A 10 km race has 5 water stations set up around the course. What is the minimum number of people that must run in the race in order to guarantee that 10 people stop at the same set of water stations?

289

can u explain DKS,please...

The possible sets are 2^5 = 32.

We have one null-set.
We have 5 possible sets with one station stop(1 to 5).

we have 5c2 possible sets with two station stops etc ...

Now we can at max accommodate 9 runners per set.

If we add one more runner, some or other set will have 10 runners.

So (32 * 9) + 1 = 289 is ANSWER.

Why the possible sets are 2^5?

To determine the minimum number of people that must run in the race in order to guarantee that 10 people stop at the same set of water stations, we can use the Pigeonhole Principle.

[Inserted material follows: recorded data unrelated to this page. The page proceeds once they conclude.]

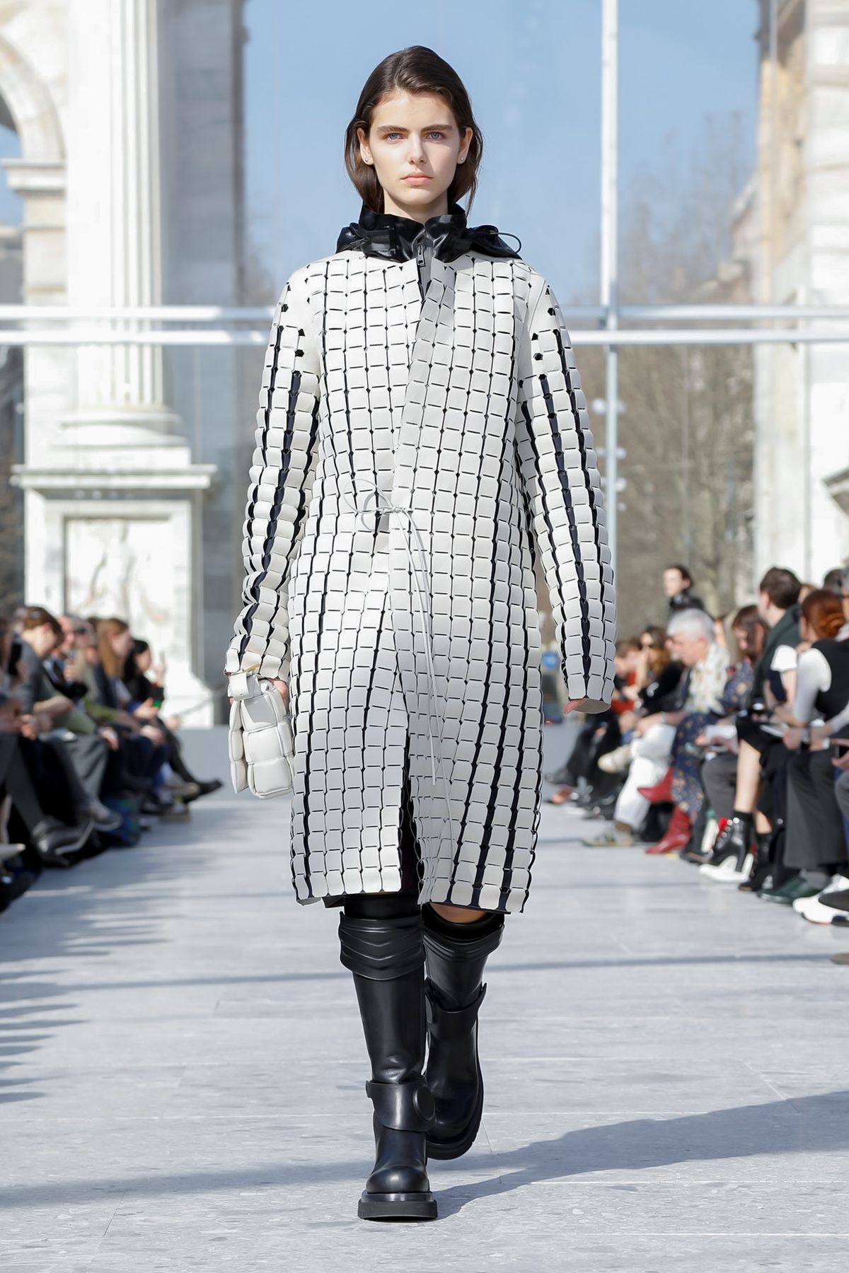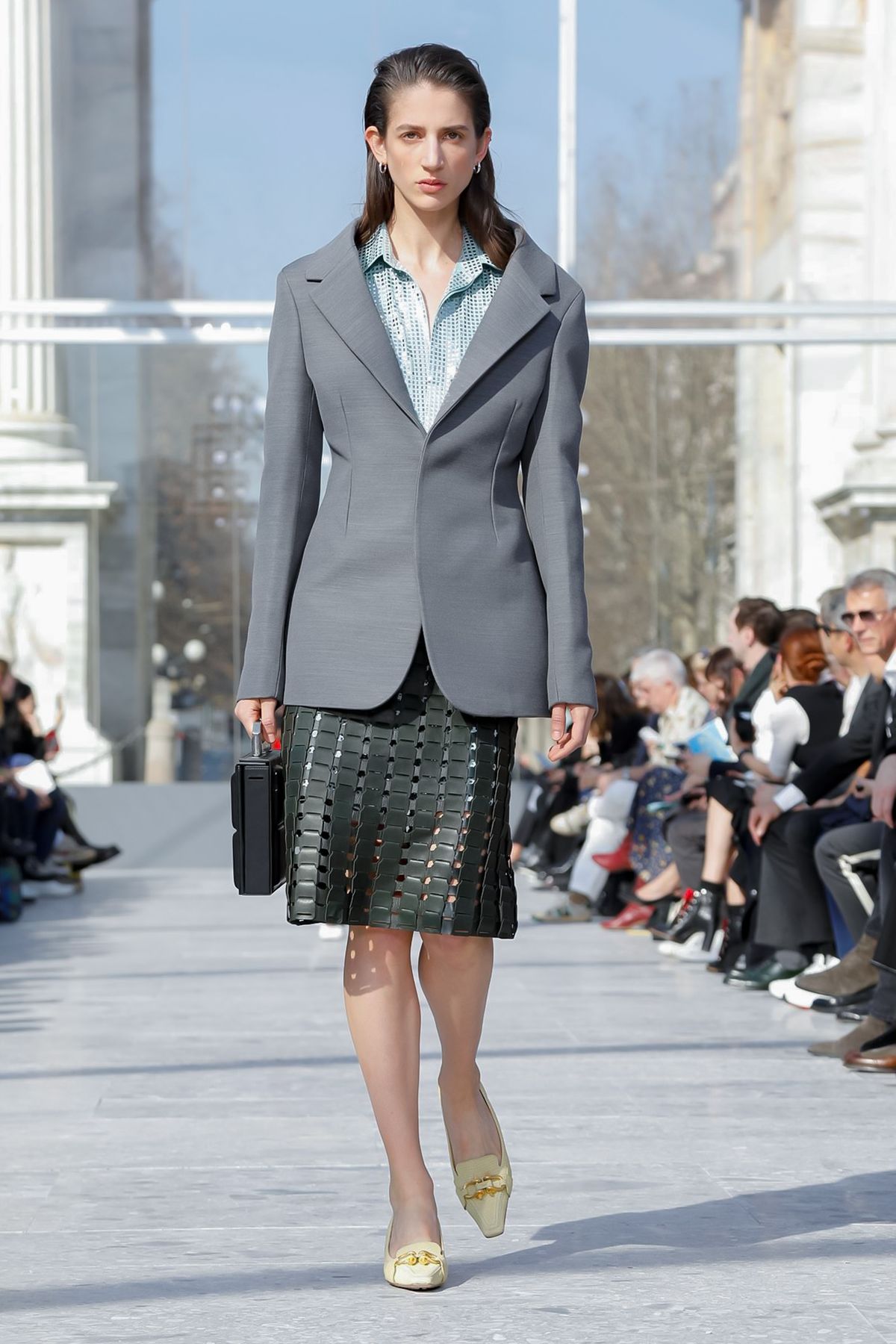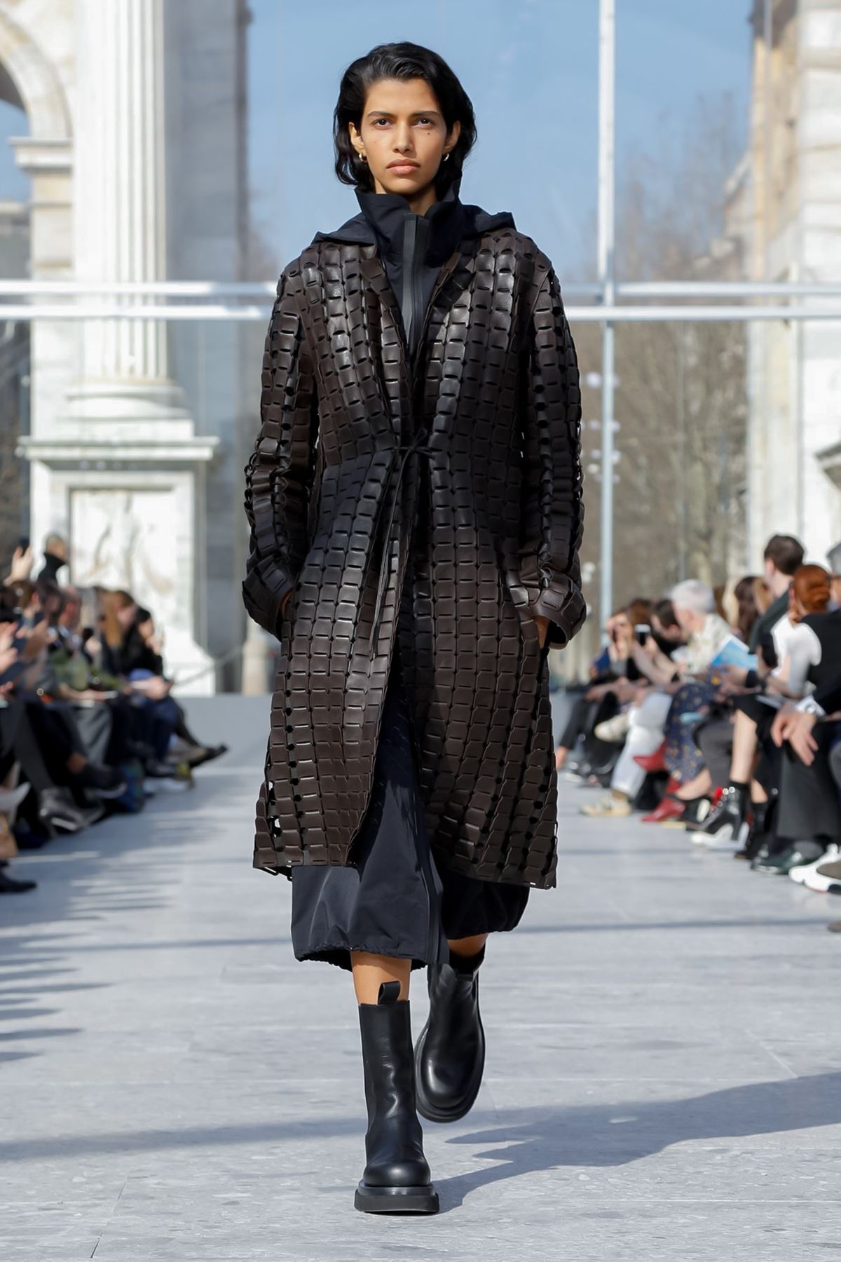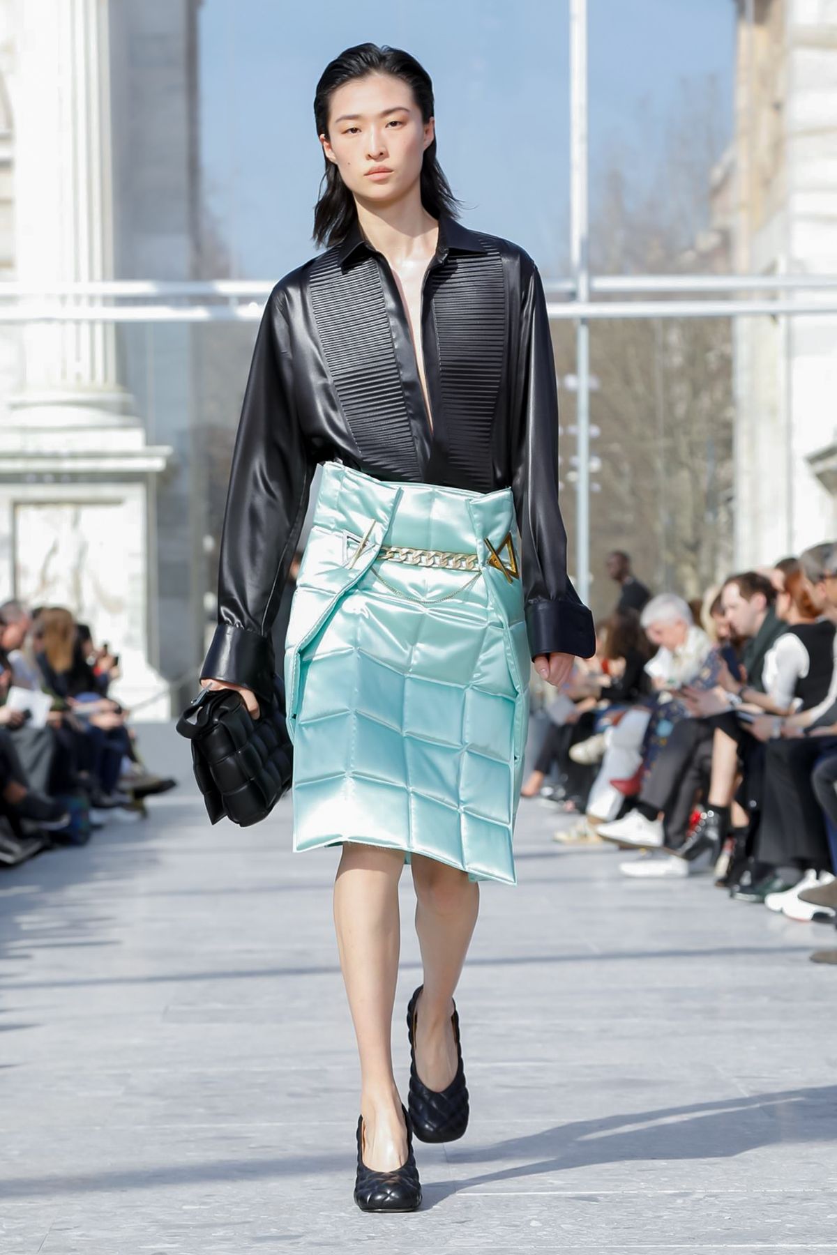 At Palazzo Archinto, for his first collection at the head of Bottega Veneta Daniel Lee showed a razor-sharp, almost futuristic collection, reinterpreting the house’s Intrecciato weave.
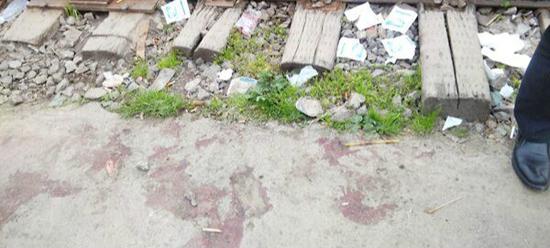 事发地铁轨地上,还有血迹和装止血纱布的纸袋。周边群众正在谈论此事。一位市民称,几年前,这里曾出过事,相关单位也贴过公告,让大家走铁轨旁边的小路或者绕行。
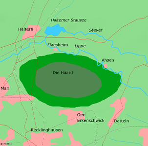 Über Hünxe und durch den Dämmerwald kommen wir nach Bottrop-Kirchhellen, wo bereits die ersten Dinos des entstehenden Freizeitparkes Warner Brothers Movieworld zu sehen sind. Hinter Dorsten durchqueren wir Die Haard mit ihren riesigen Kiefernwäldern.
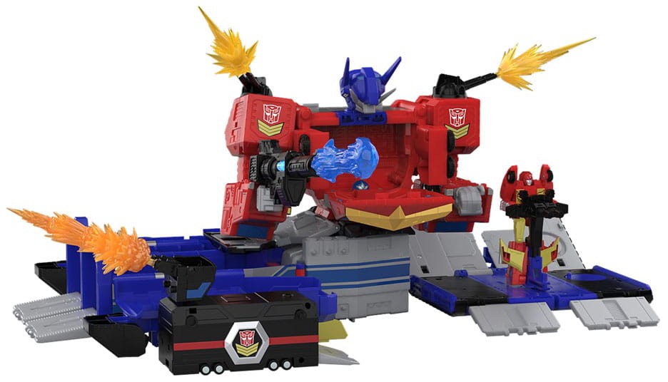 Unite your favorite characters from across the world of Transformers robots into your collection with the Transformers Age of the Primes Titan Class Star Optimus Prime action figure! This 15-inch (38 cm) The Thirteen Star Optimus Prime action figure features 3-in-1 conversion between robot, truck, and battle station modes. Includes Micromaster Autobot Hot Rod figure, MT-13 Microtrailer, tread unit, cannon blaster, shoulder blasters, ammo clip, swivel turret that becomes a blaster, Zodiac orb, and blast effects accessories. The Thirteen Star Optimus Prime figure is inspired by the Transformers universe and features articulated head, arms, and legs for awesome action poses. Transformers: Age of the Primes opens up the world of the Primes, the very first bots in Transformers mythology, a pantheon of Thirteen beings, each with a unique ability and personality. Collect different characters to create your ideal Age of the Primes lineup.
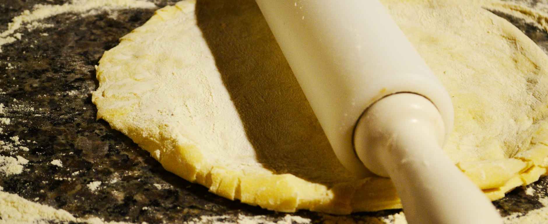 Flour the surface you will be rolling your dough on. Roll out dough and place on to baking sheet or pizza stone. Poke with a fork to avoid air bubbles when baking and drizzle with olive oil. Bake for 5 minutes.
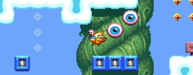 Play : on joue à l’aventure de base et on court après la sorcière qui vicieuse s’est réfugiée au sommet d’une tour en forme de haricot géant. Bon, on n’a pas rencontré Jack, mais il vous faudra vous farcir huit mondes tours, chacun étant constitué de 6 niveaux, chacun devant vous permettre de libérer de sa cage l'un de vos petits camarades à plumes.
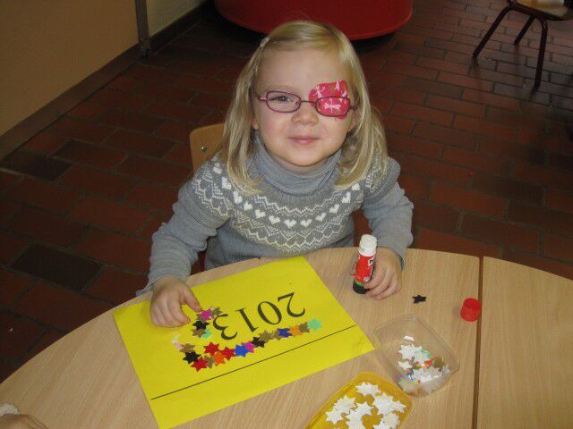 We versieren ons nieuwjaarsbriefje door mooie gekleurde sterren rond 2013 te kleven.
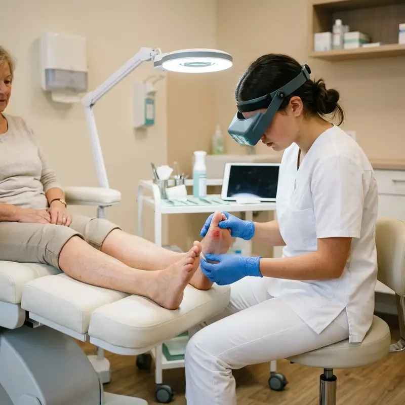 "description": "Du untersuchst die Füsse deiner Patientin auf der Behandlungsliege mit Lampe und Lupenbrille und erkennst Druckstellen und Entzündungen.",

The Pigeonhole Principle states that if you have n + 1 objects to place into n containers, then at least one container must have more than one object.

In this case, we can consider the 5 water stations as containers and the people running in the race as objects. We want to guarantee that there are at least 10 people who stop at the same set of water stations.

Since there are 5 water stations, we have 5 containers. In order to guarantee that 10 people stop at the same set of water stations, we need to have at least 10 + 1 = 11 people running in the race.

Therefore, the minimum number of people that must run in the race to guarantee that 10 people stop at the same set of water stations is 11.